WORK INSTRUCTIONS: Would you print out all of the data exactly and keep the pictures out of it?

DATASET EXTRACT:
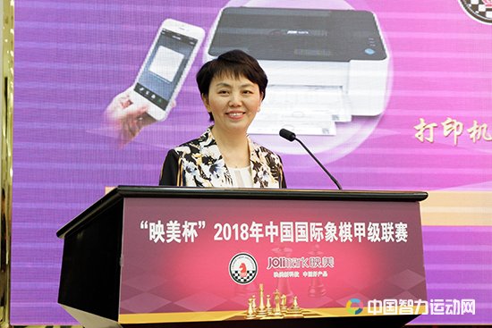 国家体育总局棋牌运动管理中心副主任、中国国际象棋协会副主席、国家队总教练叶江川在致辞中,感谢了多年来映美公司对中国国际象棋事业的支持,并对今年“映美杯”甲级联赛的筹备情况进行了介绍。叶江川表示,从2014年映美控股有限公司助力甲级联赛以来,我国棋手连续4年夺得世界重量级比赛的冠军,并提前锁定2018年的世界棋后桂冠落户中国,这与映美给予的支持密不可分。
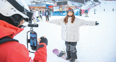 博主在河北崇礼云顶滑雪场录制视频。 新华社记者 吴 壮摄
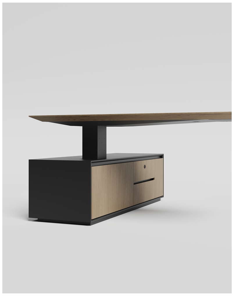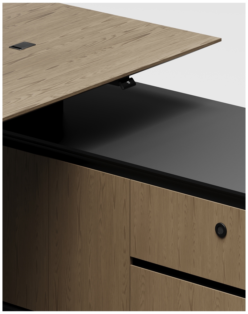 Dit directiebureau, dat in een beperkte oplage wordt geproduceerd, herdefinieert moderne werkplekken met zijn opvallende, vrijdragende vorm en zwevende bovenkant van houtfineer. Het elektrische hoogteverstelsysteem maakt soepele overgangen van zitten naar staan mogelijk, terwijl biometrische vingerafdrukbeveiliging, dubbele draadloze opladers en geïntegreerde voedingsmodules zorgen voor naadloze, overzichtelijke prestaties.
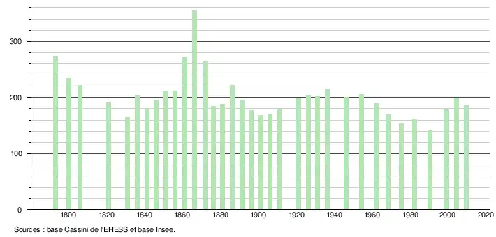 - Dans le tableau des recensements et le graphique, par convention dans Wikipédia, le principe a été retenu, pour les populations légales postérieures à 1999 de n’afficher dans le tableau des recensements et le graphique que les populations correspondant à l'année 2006, première population légale publiée calculée conformément aux concepts définis dans le décret no 2003-485 du 5 juin 2003, et les années correspondant à une enquête exhaustive de recensement pour les communes de moins de 10 000 habitants, ainsi que la dernière population légale publiée par l’Insee.

RESPONSE TO THIS EXERCISE:
 国家体育总局棋牌运动管理中心副主任、中国国际象棋协会副主席、国家队总教练叶江川在致辞中,感谢了多年来映美公司对中国国际象棋事业的支持,并对今年“映美杯”甲级联赛的筹备情况进行了介绍。叶江川表示,从2014年映美控股有限公司助力甲级联赛以来,我国棋手连续4年夺得世界重量级比赛的冠军,并提前锁定2018年的世界棋后桂冠落户中国,这与映美给予的支持密不可分。
 博主在河北崇礼云顶滑雪场录制视频。 新华社记者 吴 壮摄
 Dit directiebureau, dat in een beperkte oplage wordt geproduceerd, herdefinieert moderne werkplekken met zijn opvallende, vrijdragende vorm en zwevende bovenkant van houtfineer. Het elektrische hoogteverstelsysteem maakt soepele overgangen van zitten naar staan mogelijk, terwijl biometrische vingerafdrukbeveiliging, dubbele draadloze opladers en geïntegreerde voedingsmodules zorgen voor naadloze, overzichtelijke prestaties.
 - Dans le tableau des recensements et le graphique, par convention dans Wikipédia, le principe a été retenu, pour les populations légales postérieures à 1999 de n’afficher dans le tableau des recensements et le graphique que les populations correspondant à l'année 2006, première population légale publiée calculée conformément aux concepts définis dans le décret no 2003-485 du 5 juin 2003, et les années correspondant à une enquête exhaustive de recensement pour les communes de moins de 10 000 habitants, ainsi que la dernière population légale publiée par l’Insee.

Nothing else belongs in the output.